Start of Recorded data

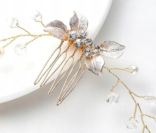 Zachwycająca opaska o nowoczesnym wzorze w postaci delikatnej gałązki. Świetnie sprawdzi się w stylizacjach boho, vintage i rustykalnych. Produkt wykonany ze złotego, cynkowanego drutu, nawijanego na koraliki i perełki. Wytrzymały i plastyczny, dzięki czemu idealnie się układa. Opaskę można zaczepić wsuwkami , ozdoba posiada dwa małe grzebyki
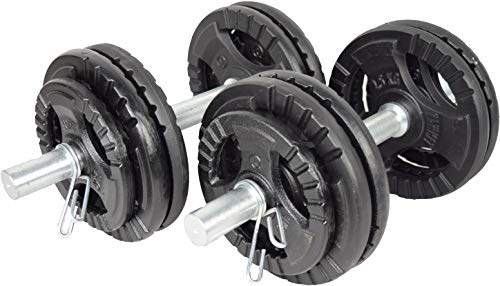 Include: 2 bilancieri in ghisa + 4 pesi 1,25 kg + 4 pesi 2,5 kg + 4 pesi 5 kg + 4 collari a molla in acciaio. Il diametro del bilanciere è di 28 mm. Le piastre pesi hanno fori da 28,5 mm.
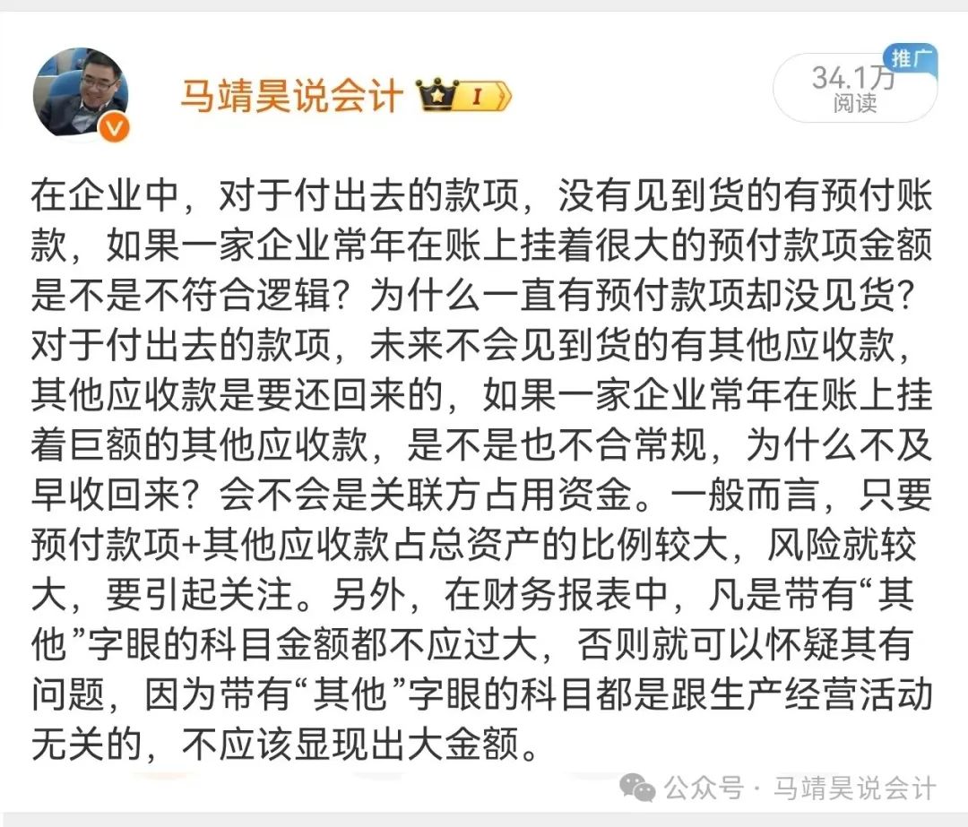 总之,对于上市公司的财务报表中的预付账款、其他应收款以及带有“其他”字眼的科目,需要保持高度关注。如果发现异常情况或风险点,应及时进行深入分析和调查,以确保企业的财务状况和经营成果的真实性和可靠性。
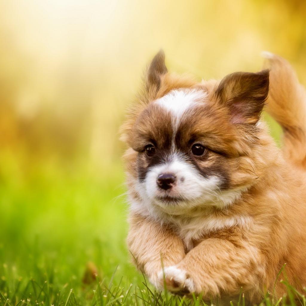 Обои Забавный щенок вельш-корги бежит по зеленой траве

End of Recorded data

Any picture in the data is to be skipped, while each line is returned exactly as written.

Reply
 Zachwycająca opaska o nowoczesnym wzorze w postaci delikatnej gałązki. Świetnie sprawdzi się w stylizacjach boho, vintage i rustykalnych. Produkt wykonany ze złotego, cynkowanego drutu, nawijanego na koraliki i perełki. Wytrzymały i plastyczny, dzięki czemu idealnie się układa. Opaskę można zaczepić wsuwkami , ozdoba posiada dwa małe grzebyki
 Include: 2 bilancieri in ghisa + 4 pesi 1,25 kg + 4 pesi 2,5 kg + 4 pesi 5 kg + 4 collari a molla in acciaio. Il diametro del bilanciere è di 28 mm. Le piastre pesi hanno fori da 28,5 mm.
 总之,对于上市公司的财务报表中的预付账款、其他应收款以及带有“其他”字眼的科目,需要保持高度关注。如果发现异常情况或风险点,应及时进行深入分析和调查,以确保企业的财务状况和经营成果的真实性和可靠性。
 Обои Забавный щенок вельш-корги бежит по зеленой траве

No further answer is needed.